Scheduled to open in summer 2007, the currently unnamed center near Highway 101 and Cochrane Road has been 30 years in the making and will boast the region’s largest Target store at 127,000 square feet. It also will have Petco, Staples and Cost Plus World Market, according to Garrett Toy, Morgan Hill’s director of business assistance.
Developers John DiNapoli of San Jose and Daryl Broman of Oakland plan to spend more than $100 million to build the center, which may feature a movie complex as well as national restaurants, such as Chili’s.
“The city of Morgan Hill for most of the last 10 years has not been pro-development for big-box retail,” said Jim McMasters, a retail expert with the Colliers International commercial real estate brokerage, who handled leasing for Gilroy Crossings, which opened in 2004.
“But what that really did was open the door to Gilroy to explode with retail.”
Morgan Hill’s well-educated population of 33,000 has a solid median household annual income of $82,000, the kind of demographics retailers crave. And while they may enjoy patronizing their quaint downtown, clearly they also open their wallets wide in national retail stores.
City officials are doing their best to strike a balance by serving their residents without abandoning downtown merchants.

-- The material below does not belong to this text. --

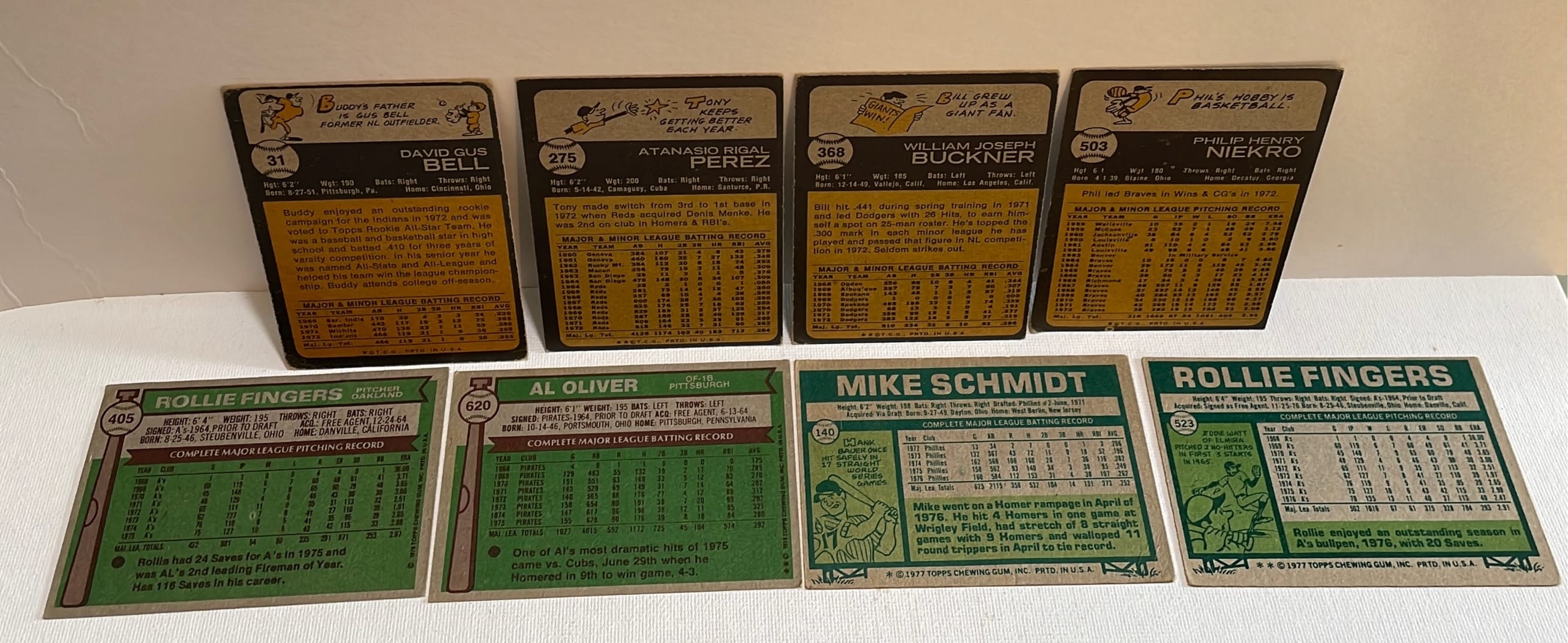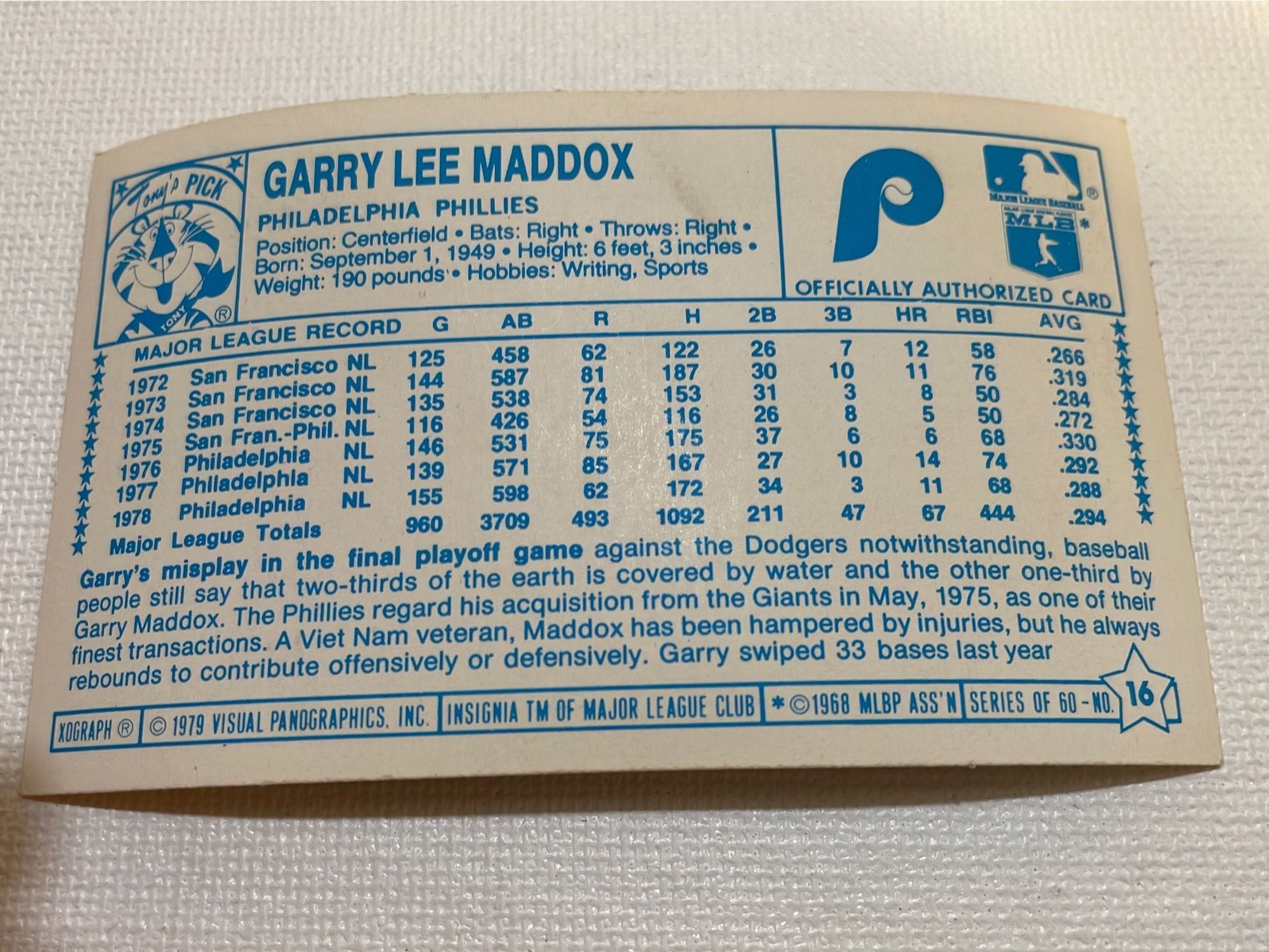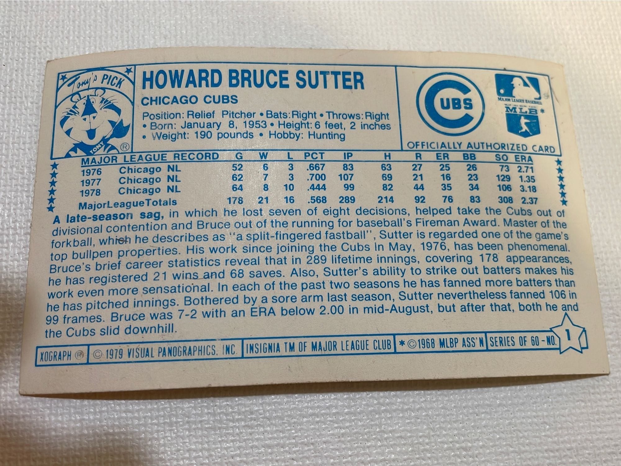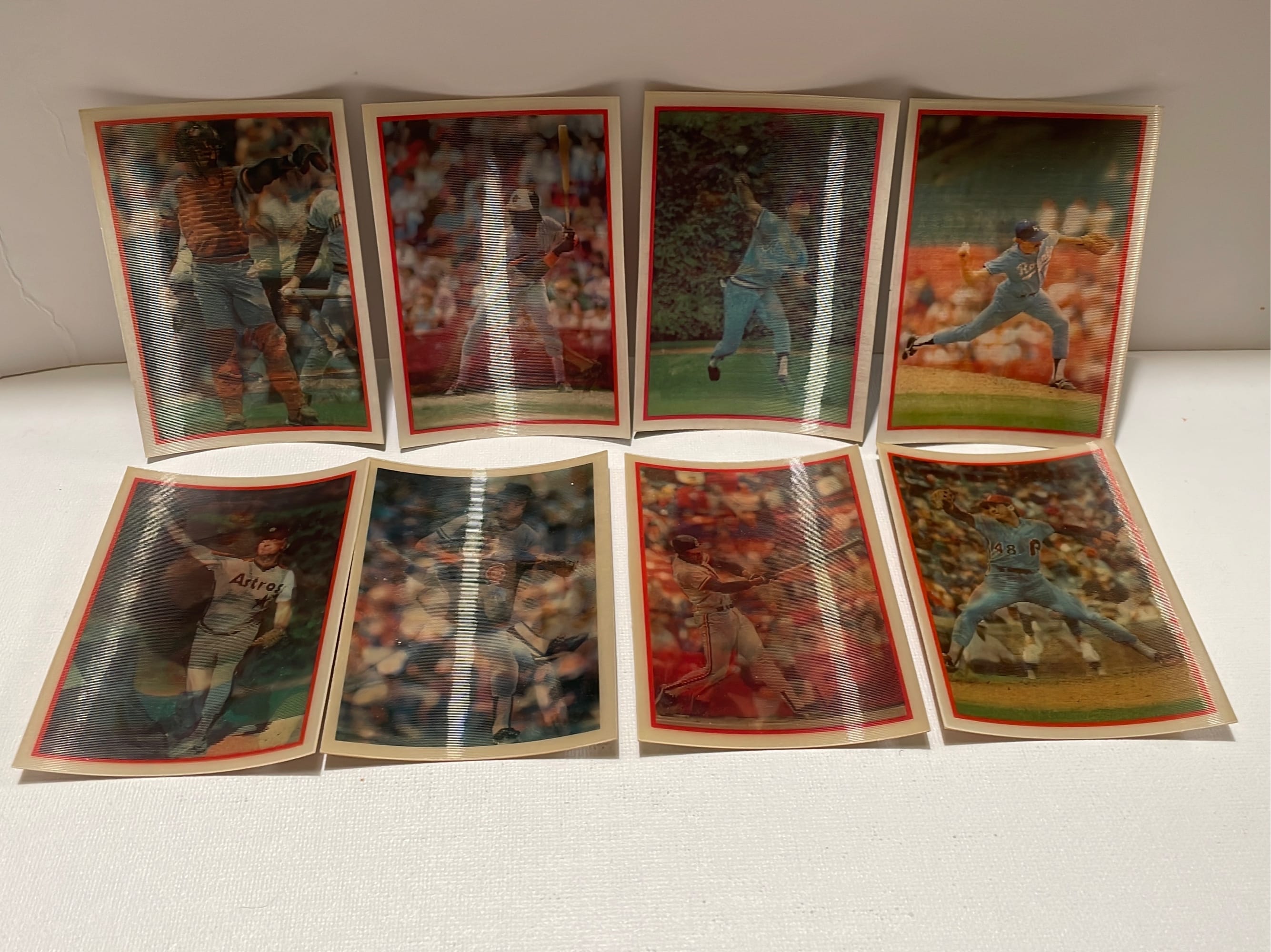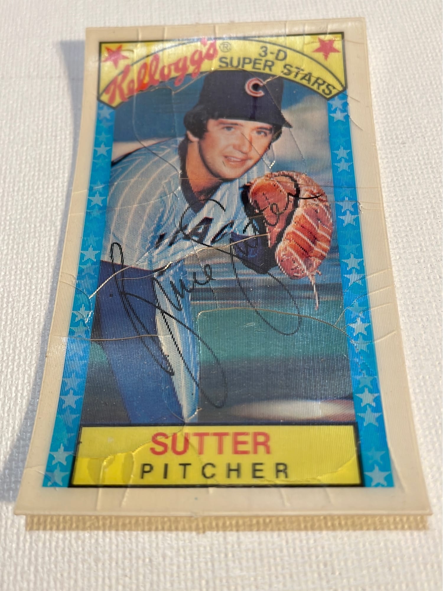 217 4 - 1979 Kellogg’s Baseball Card 3-D Super Stars: Thompson, Maddox, Sutter, Johnson (surface cracking and warping)

“We asked the developers for a mix of uses that would not directly compete with the downtown,” said City Manager Ed Tewes. “And a lot of attention was paid to the physical design of the center and how it is laid out to distinguish itself from shopping opportunities in the north and south.”
Tewes said Morgan Hill is looking for a center that doesn’t look like a “series of boxes surrounded by a sea of parking.” He hopes the careful landscaping with shrubs, oak and hawthorn trees will give it a feel that doesn’t compete with downtown.
“Morgan Hill is working very hard on the downtown and we’ve been working with them,” DiNapoli said. “We’ve brought in local brokers who have helped give them ideas about what do with the downtown.”
DiNapoli noted that this approach supports all of Morgan Hill, not just his development, and that suits him just fine. “We’re long-term holders,” he said. “We’re not just building it to sell it.”
Time will tell if another South County shopping center can succeed or if it’s simply too late. But Tewes noted that regardless, city policies aren’t to blame for the 30 years it took to develop the 66-acre site. The city’s general plan has designated the area for commercial development since 1969.
“But painting it red (for retail) in the general plan doesn’t make it happen,” he said.
Ralph Borelli, chief executive of San Jose’s Borelli Investment, began talking to landowners, including the wine-making Guglielmo family, in 1976 about selling their land for development. Litigation among the landowners who inherited the property and over the Cochrane Road Assessment District also took years to settle.
Borelli, who said the deal took the longest to close of any in his career, recalled that developers tried to build houses on the site and then offices, but each time they hit a brick wall with Morgan Hill officials, who insisted on retail, but only the right kind of retail.
“It wasn’t for a lack of trying,” Borelli said. “We lost a significant amount of deals to Gilroy. But I have to hand it to Morgan Hill, its planning commission held out for regional retail and that is what they will get.”
But McMasters said cities rarely succeed in trying to ignore retail trends.
“Morgan Hill has lost ground by being stubborn and waiting, and not wanting the big-box look,” McMasters said. “But retail is a dynamic industry. You can’t protect yourself when the customer benefits by the chain store.”